Goodman enumerates various ways of how world-versions are produced: Composition and Decomposition, Weighting, Ordering, Deletion and Supplementation, and Deformation (WWM 7–17). He makes pretty much the same observation about deletion as Bandler and Grinder, noting that "what we find what we are prepared to find (what we look for or what forcefully affronts our expectations), and that we are likely to be blind to what neither helps nor hinders our pursuits are commonplaces of everyday life [...] And even within what we do perceive and remember, we dismiss as illusory or negligible what cannot be fitted into the architecture of the world we are building." (WWM 14–15) He includes under the heading of deformation a somewhat different sort of phenomenon than distortion in Bandler and Grinder's sense: for him, this includes changes such as a physicist's smoothing out of a diagram curve to emphasize the underlying simple kind of shape, even though the data are actually off that shape a little, or a related distortion in caricatures that have the job of emphasizing a detail in the caricatured person (WWM 16). It's not quite clear to me why Goodman thought this a sufficiently different category from his second one, namely weighting. In any case, while his discussion of deletion and supplementation of details is richer than that in The Structure of Magic, and his discussion of weighting and ordering has no counterpart there, he doesn't explicitly include the process that Bandler and Grinder call distortion. The reason is probably to be found in a difference of perspective which he mentions before giving his list: "Actually, I am more concerned with certain relationships among worlds than with how or whether particular worlds are made from others" (WWM 7). The focus is rather on formal properties and relationships of world-versions than on the psychological or creative processes that bring them about.

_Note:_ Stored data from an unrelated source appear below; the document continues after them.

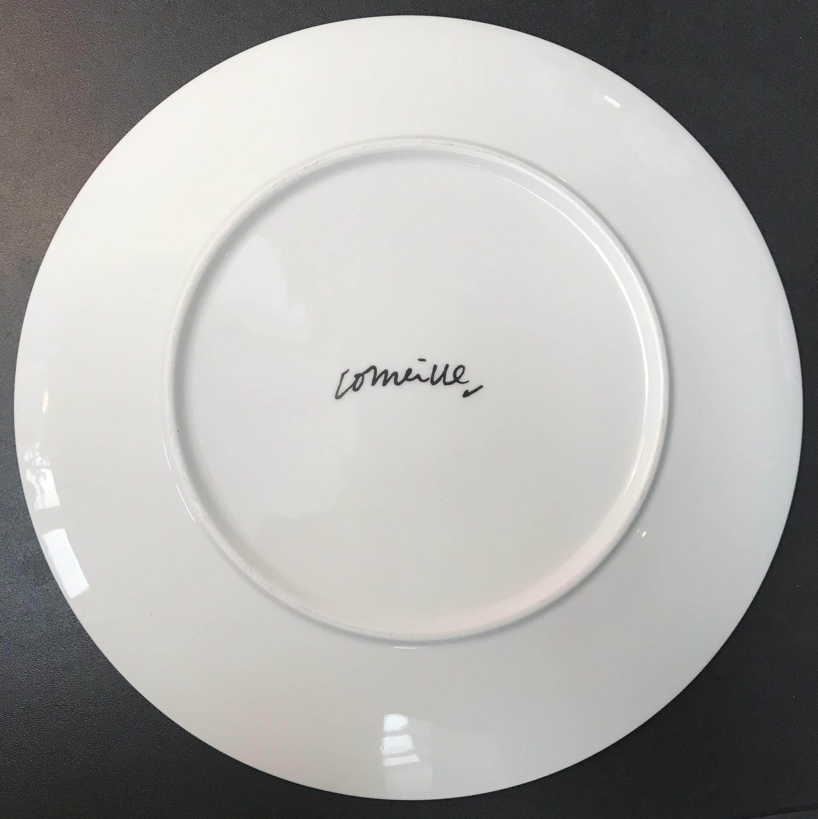 Keramieken bord van Corneille. Afbeelding en signatuur (voor en achterzijde) in sjabloon aangebracht. Doorsnede 30 cm.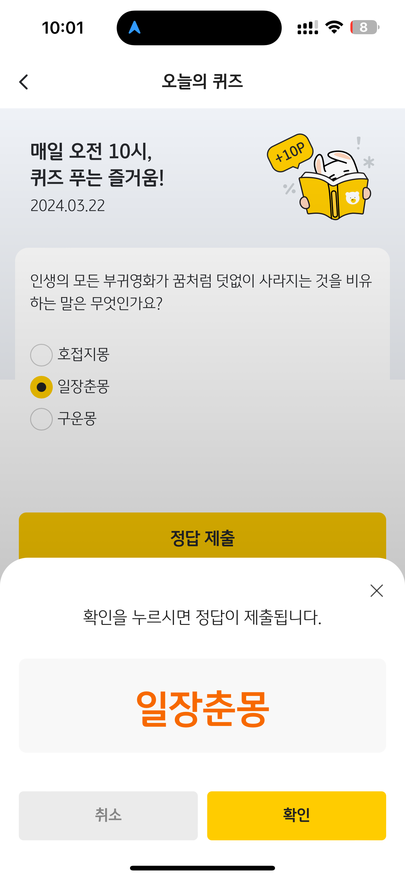 KB Pay 오늘의 퀴즈 정답은 일장춘몽 입니다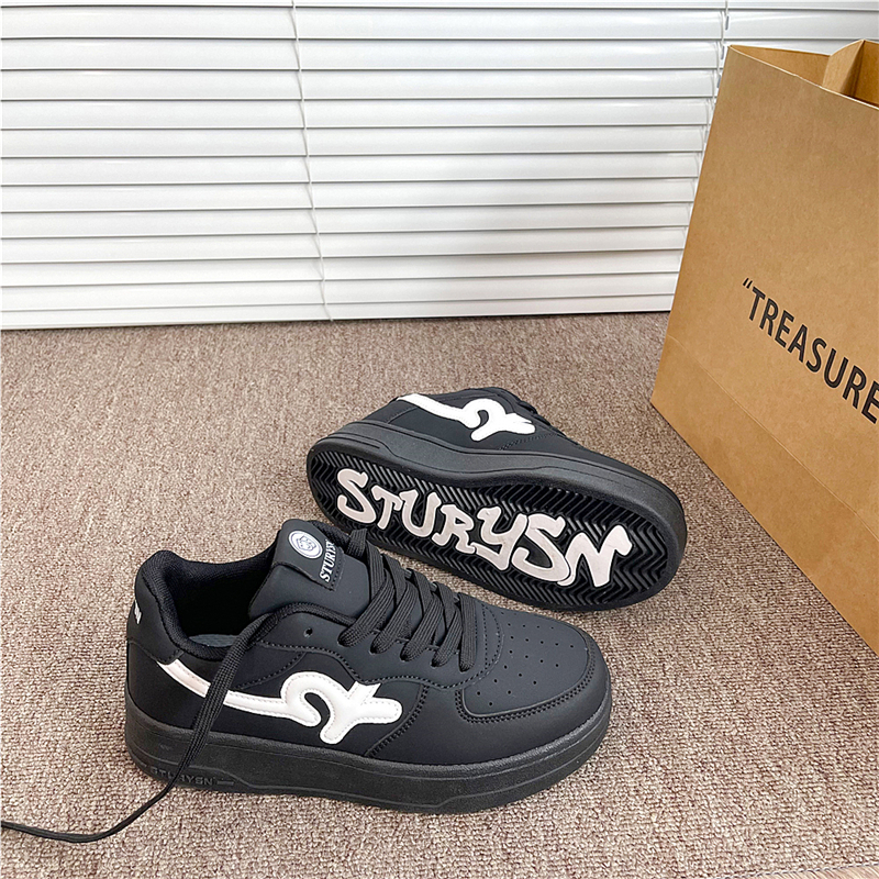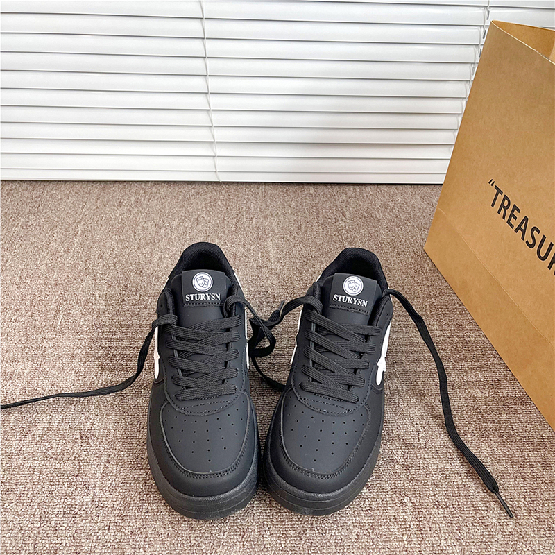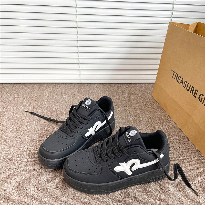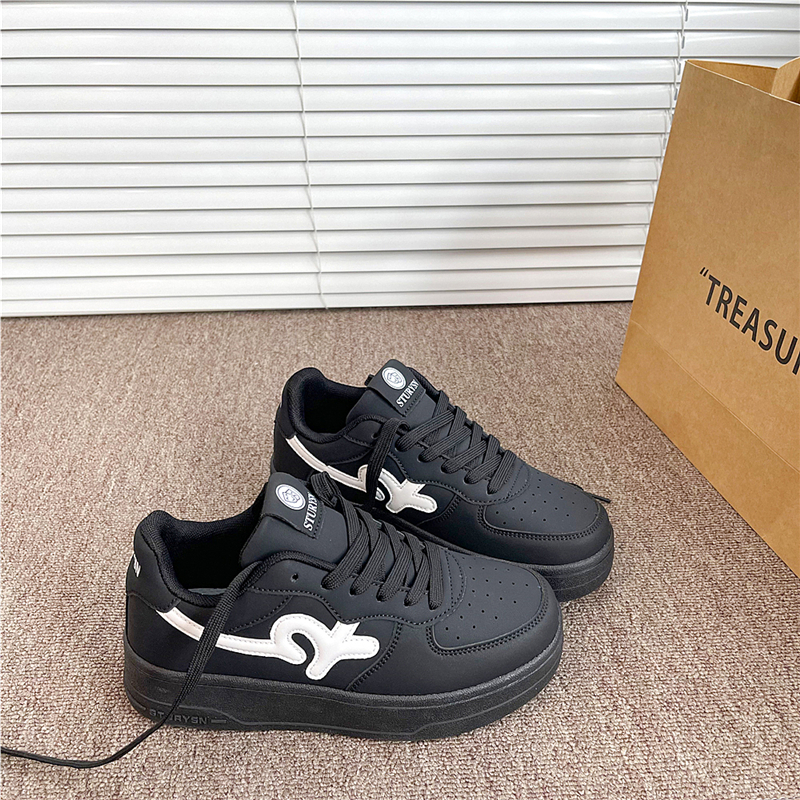 新款 易少年 黑色厚底板鞋 女ins潮2025秋季 港風學生百搭休閑小白鞋由

This difference in focus is even clearer with respect to the first category in The Structure of Magic: generalization. The term is used there to refer to the formation of a rule of behavior, caused by some experience (possibly repeatedly made). Rules of behavior, although they can be formulated in a linguistic description (in the words and sentences of a natural language) or even in an artificial symbolic form (such as in a logical calculus or a computer programming language), are basically habits of perceiving and acting. Thus, they're not in the focus of Goodman's discussion. Still, the labeling and classification processes he refers to in the section about composition and decomposition cover the process of generalization that Bandler and Grinder describe (see esp. WWM 8–9), and much more.

[1] Richard Bandler and John Grinder, The Structure of Magic. A book about language and therapy, Palo Alto: Science and Behavior Books 1975, 5–20. References to The Structure of Magic are given with SM and page numbers.
[2] Nelson Goodman, Ways of Worldmaking, Indianapolis: Hackett 1978. Quoted as WWM with page numbers.